What can help you determine the number of epochs to use, along with check your model’s accuracy, is visualizing your results. In my script I used matplotlib.pyplot to make a graph.
acc = history.history['accuracy'] val_acc = history.history['val_accuracy']
loss = history.history['loss'] val_loss = history.history['val_loss']
epochs_range = range(epochs)
plt.figure(figsize=(8, 8)) plt.subplot(1, 2, 1) plt.plot(epochs_range, acc, label='Training Accuracy') plt.plot(epochs_range, val_acc, label='Testing Accuracy') plt.legend(loc='lower right') plt.title('Training and Testing Accuracy')
plt.subplot(1, 2, 2) plt.plot(epochs_range, loss, label='Training Loss') plt.plot(epochs_range, val_loss, label='Testing Loss') plt.legend(loc='upper right') plt.title('Training and Testing Loss') plt.show()
Wrapping it Up
In this case, the two most important metrics are the training accuracy and the testing accuracy. The training accuracy for my model was nearly 100%, while the testing accuracy was 72-80% (this varied between runs of my script). To put it into perspective, 50% accuracy would be guessing-since the model has only two options to choose from (obstacle or no obstacle). I can live with 72-80% accuracy, although the large difference between my training and testing accuracy means that my model is overfitting. To help fight overfitting, I most likely need to add more images to my dataset (most image datasets have 10,000+ images, mine have 200) or change the type of activation function/optimizer I am using.

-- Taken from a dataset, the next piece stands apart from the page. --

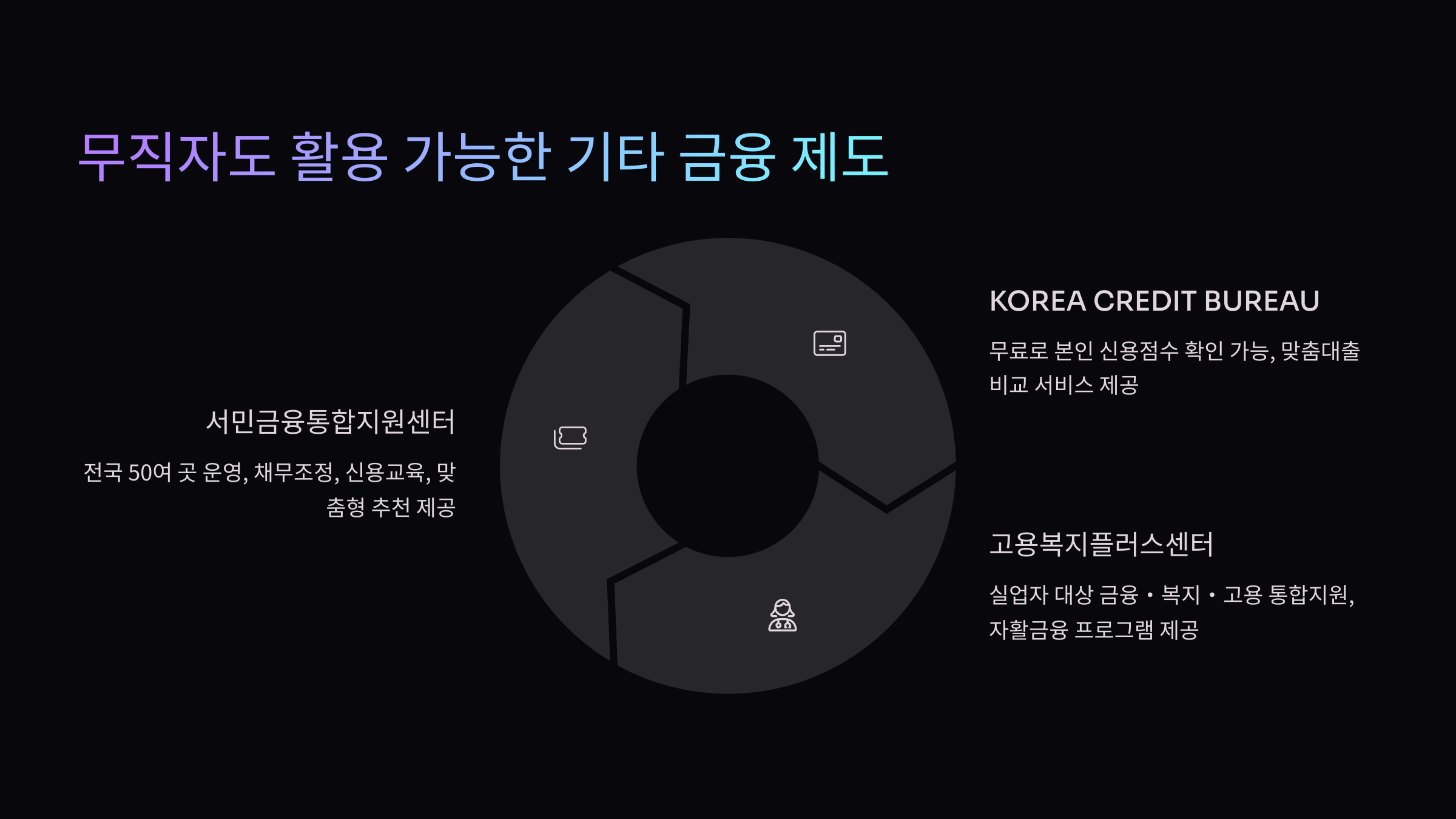 - 대출 불가 시에도 채무조정, 신용교육, 맞춤형 추천 제공

From the graph, you can also see that the training loss (prediction error) drastically lowers over epochs, while testing loss doesn’t significantly lower. This is another result of overfitting, although my model does work much better with the inclusion of data augmentation and dropout.
The next step is to edit my model slightly to be more robust, then begin corrupting testing images and experimenting. For now, I have a moderately accurate object detection CNN that would almost certainly cause a real self-driving car to crash, but it works for me.